WHAT THE EXERCISE ASKS ▸ Reproduction of part of the material below, pictures omitted: copy exactly, and only, the lines starting with the one with "Potassium),按有效" and going on through the one with "CPR ELECTRIC SHOCK".

RECORDS FOR THE TASK ▸
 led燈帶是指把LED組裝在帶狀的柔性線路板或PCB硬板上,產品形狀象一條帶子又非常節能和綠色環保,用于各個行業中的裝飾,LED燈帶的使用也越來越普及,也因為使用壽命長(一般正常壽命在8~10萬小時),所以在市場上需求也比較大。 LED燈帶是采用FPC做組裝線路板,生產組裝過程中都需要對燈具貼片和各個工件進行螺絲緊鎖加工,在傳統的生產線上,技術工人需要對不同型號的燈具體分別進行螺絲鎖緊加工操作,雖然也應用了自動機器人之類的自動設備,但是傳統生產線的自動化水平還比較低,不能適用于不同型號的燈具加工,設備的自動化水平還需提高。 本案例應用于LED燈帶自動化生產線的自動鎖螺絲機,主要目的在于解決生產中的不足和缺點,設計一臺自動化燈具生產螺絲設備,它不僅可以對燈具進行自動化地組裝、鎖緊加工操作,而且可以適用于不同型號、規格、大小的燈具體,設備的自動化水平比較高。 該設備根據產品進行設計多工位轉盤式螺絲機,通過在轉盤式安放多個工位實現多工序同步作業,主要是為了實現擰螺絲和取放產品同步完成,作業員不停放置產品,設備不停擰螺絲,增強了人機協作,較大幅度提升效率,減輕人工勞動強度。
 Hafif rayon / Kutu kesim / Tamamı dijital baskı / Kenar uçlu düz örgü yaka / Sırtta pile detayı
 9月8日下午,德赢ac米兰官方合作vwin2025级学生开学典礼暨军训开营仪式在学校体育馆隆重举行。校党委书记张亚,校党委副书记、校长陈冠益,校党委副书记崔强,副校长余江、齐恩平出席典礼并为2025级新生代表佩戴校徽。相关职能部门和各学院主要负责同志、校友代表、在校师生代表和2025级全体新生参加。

==

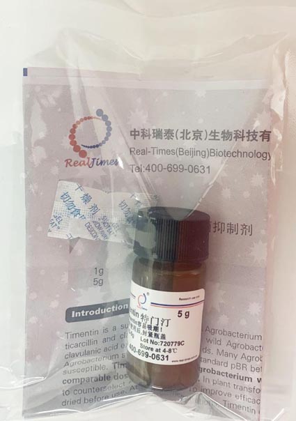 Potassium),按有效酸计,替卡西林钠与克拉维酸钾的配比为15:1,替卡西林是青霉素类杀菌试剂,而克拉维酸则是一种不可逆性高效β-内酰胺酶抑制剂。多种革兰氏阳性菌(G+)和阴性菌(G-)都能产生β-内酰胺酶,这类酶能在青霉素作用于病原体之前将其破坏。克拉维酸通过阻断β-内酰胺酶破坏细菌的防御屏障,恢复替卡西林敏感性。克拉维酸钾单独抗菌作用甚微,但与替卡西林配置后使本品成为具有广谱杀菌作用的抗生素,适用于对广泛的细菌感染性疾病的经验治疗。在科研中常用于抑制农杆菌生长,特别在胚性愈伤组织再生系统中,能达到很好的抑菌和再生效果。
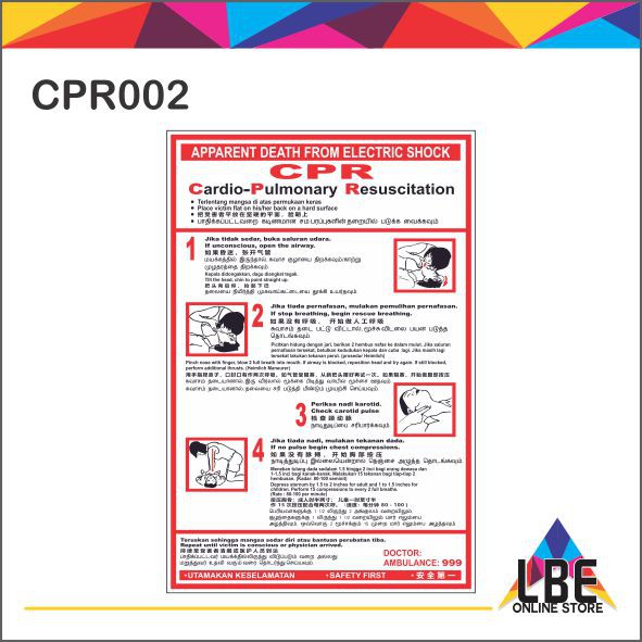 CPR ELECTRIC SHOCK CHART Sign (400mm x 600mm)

==

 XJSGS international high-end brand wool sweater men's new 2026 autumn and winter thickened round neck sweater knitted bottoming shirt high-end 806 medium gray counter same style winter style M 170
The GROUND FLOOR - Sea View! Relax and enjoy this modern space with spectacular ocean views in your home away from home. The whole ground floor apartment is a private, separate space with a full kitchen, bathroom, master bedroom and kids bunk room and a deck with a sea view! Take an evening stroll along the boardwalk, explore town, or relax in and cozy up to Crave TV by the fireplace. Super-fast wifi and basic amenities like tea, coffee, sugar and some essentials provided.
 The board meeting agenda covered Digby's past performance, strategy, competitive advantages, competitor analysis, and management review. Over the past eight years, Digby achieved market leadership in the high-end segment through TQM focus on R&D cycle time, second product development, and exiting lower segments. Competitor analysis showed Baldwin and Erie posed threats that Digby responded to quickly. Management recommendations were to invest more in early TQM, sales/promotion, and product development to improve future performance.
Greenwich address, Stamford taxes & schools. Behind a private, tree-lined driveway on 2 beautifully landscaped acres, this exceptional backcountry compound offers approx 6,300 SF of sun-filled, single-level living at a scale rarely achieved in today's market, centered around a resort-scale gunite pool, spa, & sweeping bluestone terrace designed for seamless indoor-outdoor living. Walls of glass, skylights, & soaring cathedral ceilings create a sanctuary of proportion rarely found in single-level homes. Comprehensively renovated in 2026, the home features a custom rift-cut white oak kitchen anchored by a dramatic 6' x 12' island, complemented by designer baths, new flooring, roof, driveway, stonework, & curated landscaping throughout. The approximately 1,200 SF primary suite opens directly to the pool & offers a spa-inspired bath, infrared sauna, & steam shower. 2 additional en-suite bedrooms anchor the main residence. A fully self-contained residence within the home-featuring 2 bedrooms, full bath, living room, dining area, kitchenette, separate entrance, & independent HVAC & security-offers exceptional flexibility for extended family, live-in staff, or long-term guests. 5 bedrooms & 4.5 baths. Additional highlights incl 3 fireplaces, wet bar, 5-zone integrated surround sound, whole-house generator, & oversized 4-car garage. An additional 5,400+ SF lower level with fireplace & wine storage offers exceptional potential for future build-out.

OUTPUT BELOW ▸
 Potassium),按有效酸计,替卡西林钠与克拉维酸钾的配比为15:1,替卡西林是青霉素类杀菌试剂,而克拉维酸则是一种不可逆性高效β-内酰胺酶抑制剂。多种革兰氏阳性菌(G+)和阴性菌(G-)都能产生β-内酰胺酶,这类酶能在青霉素作用于病原体之前将其破坏。克拉维酸通过阻断β-内酰胺酶破坏细菌的防御屏障,恢复替卡西林敏感性。克拉维酸钾单独抗菌作用甚微,但与替卡西林配置后使本品成为具有广谱杀菌作用的抗生素,适用于对广泛的细菌感染性疾病的经验治疗。在科研中常用于抑制农杆菌生长,特别在胚性愈伤组织再生系统中,能达到很好的抑菌和再生效果。
 CPR ELECTRIC SHOCK CHART Sign (400mm x 600mm)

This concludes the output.